Work to be completed: An exact copy is needed of the lines from the one that contains "I like using" through the final line of the data below, with pictures left out.

*** Opening Records for the exercise ***

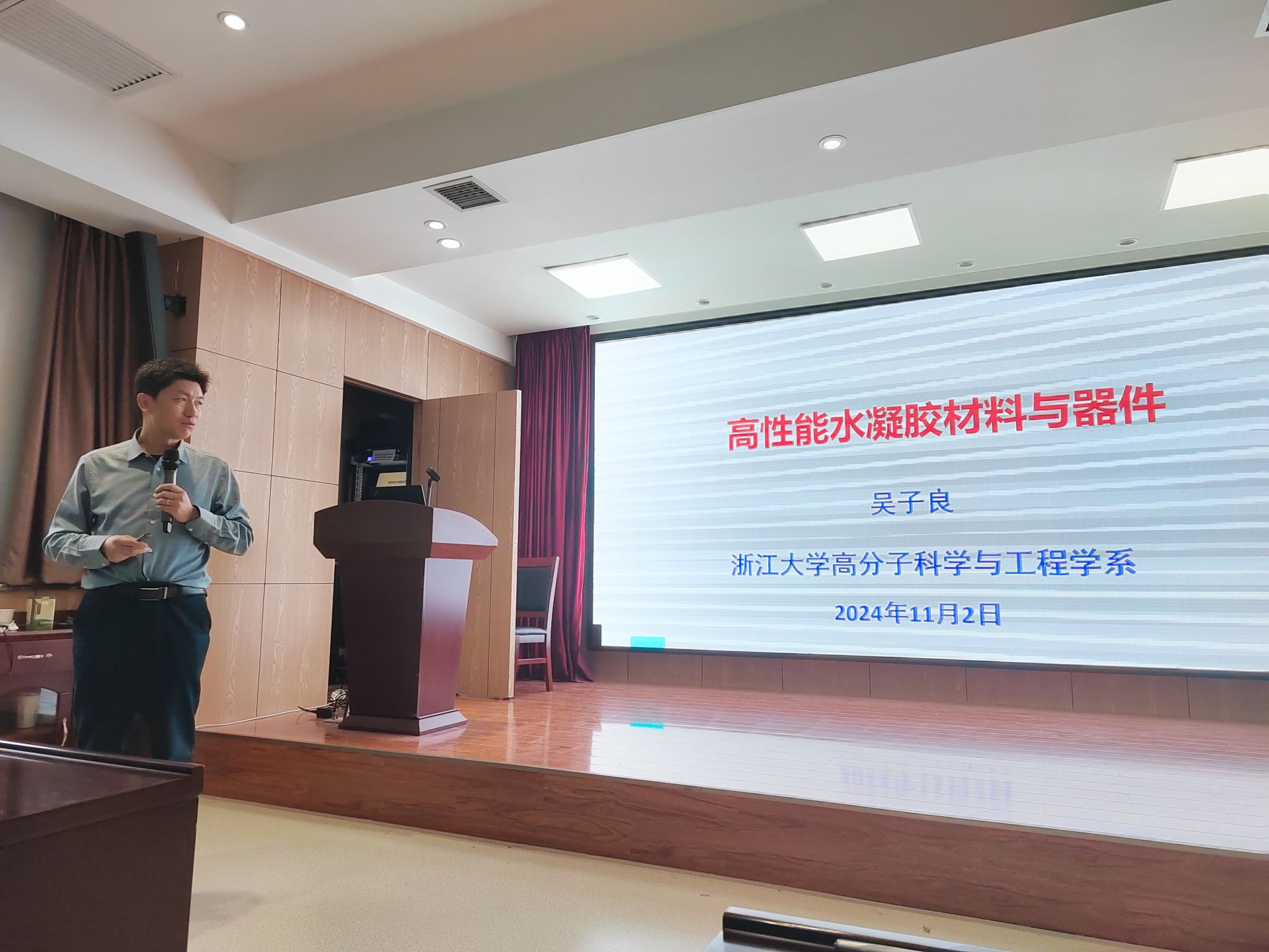 11月2日下午,應我校輕工科學與工程學院(柔性電子學院)、科技處、研究生院邀請,浙江大學吳子良教授、華南理工大學孫桃林研究員做客我?!扒把乜茖W報告”和“未央導師論壇” ,分別作了題為“高性能水凝膠與器件”和“環(huán)形高分子摻雜聚合物網(wǎng)絡的動力學研究”的學術(shù)報告,學院相關專業(yè)教師和研究生參加了此次報告會。
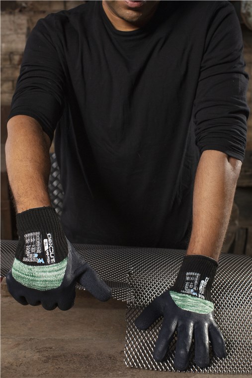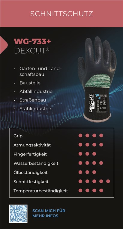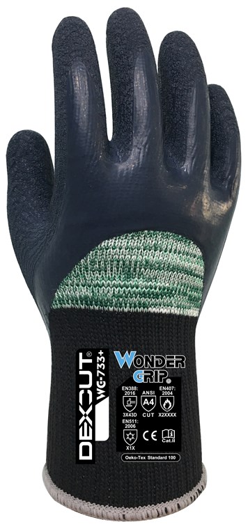 Dexcut® WG-733+ jest przeznaczony do ciężkich prac w suchym lub lekko zaolejonym środowisku, w którym występuje średnie lub duże ryzyko skrawania. Powłoka HDML™, opracowana specjalnie przez Wonder Grip®, zapewnia antypoślizgową powierzchnię, wyjątkowe właściwości przeciwzużyciowe i podwójną ochronę przed zagrożeniami termicznymi. Kompleksowa ochrona naszej wyjątkowej rękawicy WG-733+ sprawia, że jest to doskonała rękawica do wszechstronnego stosowania w środowiskach półsuchych.
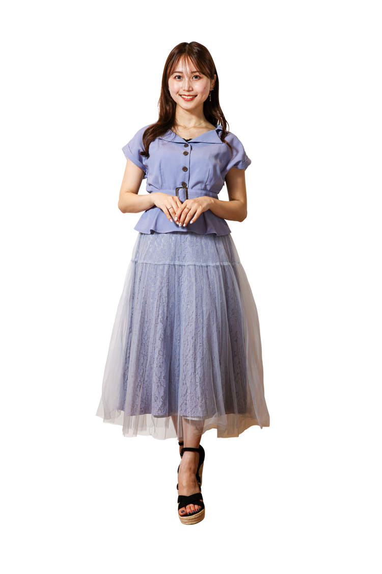 銀座に行くので、えりつきシャツのトップスでスマートカジュアルな雰囲気を演出!レースとチュールを組みあわせたスカートで華やかな雰囲気に!ウエストを高くマークできるので、スタイルよく見えます♡
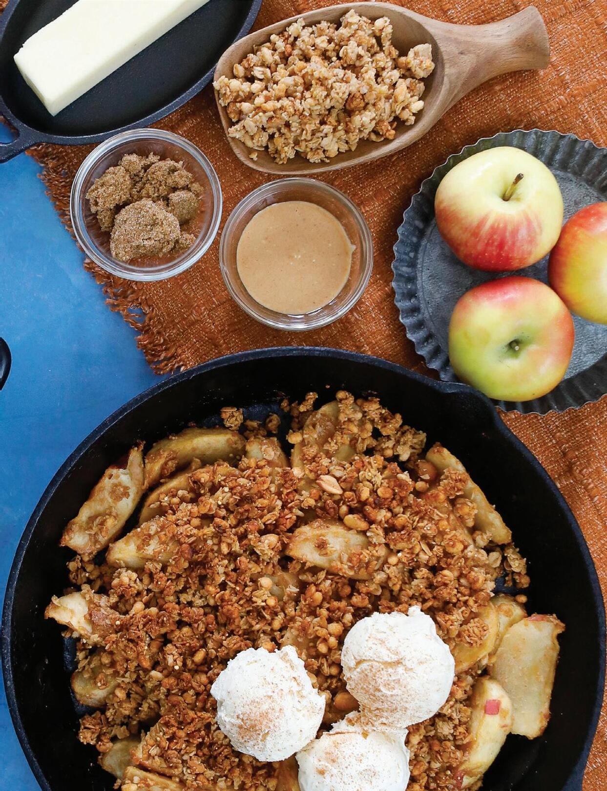 I like using peanut butter granola to maximize the peanut buttery goodness in this crisp, but any variety of your favorite granola will do! Look for the natural creamy butter that requires a good hefty stir; a naturally separated nut butter not only tosses into the apples better but it’s also free of hydrogenated oils.
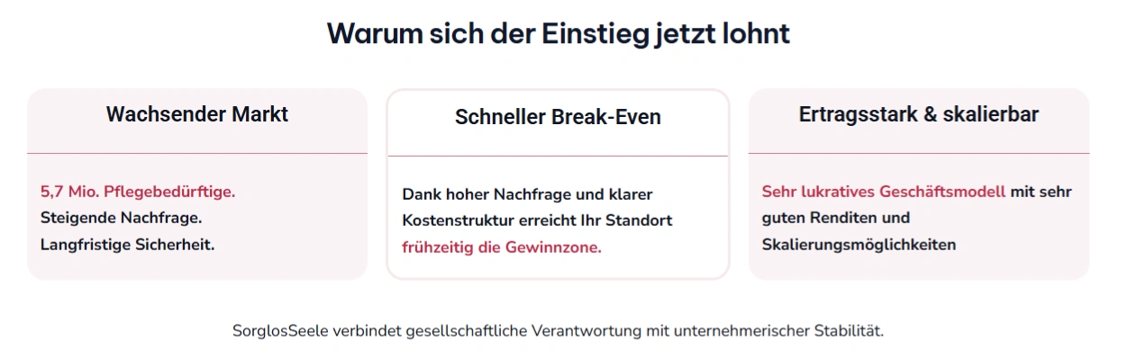 SorglosSeele ist ein Franchisesystem mit einem skalierbaren Geschäftsmodell im wachsenden Markt der Seniorenbetreuung. Das Konzept verbindet gesellschaftliche Verantwortung mit unternehmerischer Perspektive.

*** Closing Records for the exercise ***

Reply to the exercise:
 I like using peanut butter granola to maximize the peanut buttery goodness in this crisp, but any variety of your favorite granola will do! Look for the natural creamy butter that requires a good hefty stir; a naturally separated nut butter not only tosses into the apples better but it’s also free of hydrogenated oils.
 SorglosSeele ist ein Franchisesystem mit einem skalierbaren Geschäftsmodell im wachsenden Markt der Seniorenbetreuung. Das Konzept verbindet gesellschaftliche Verantwortung mit unternehmerischer Perspektive.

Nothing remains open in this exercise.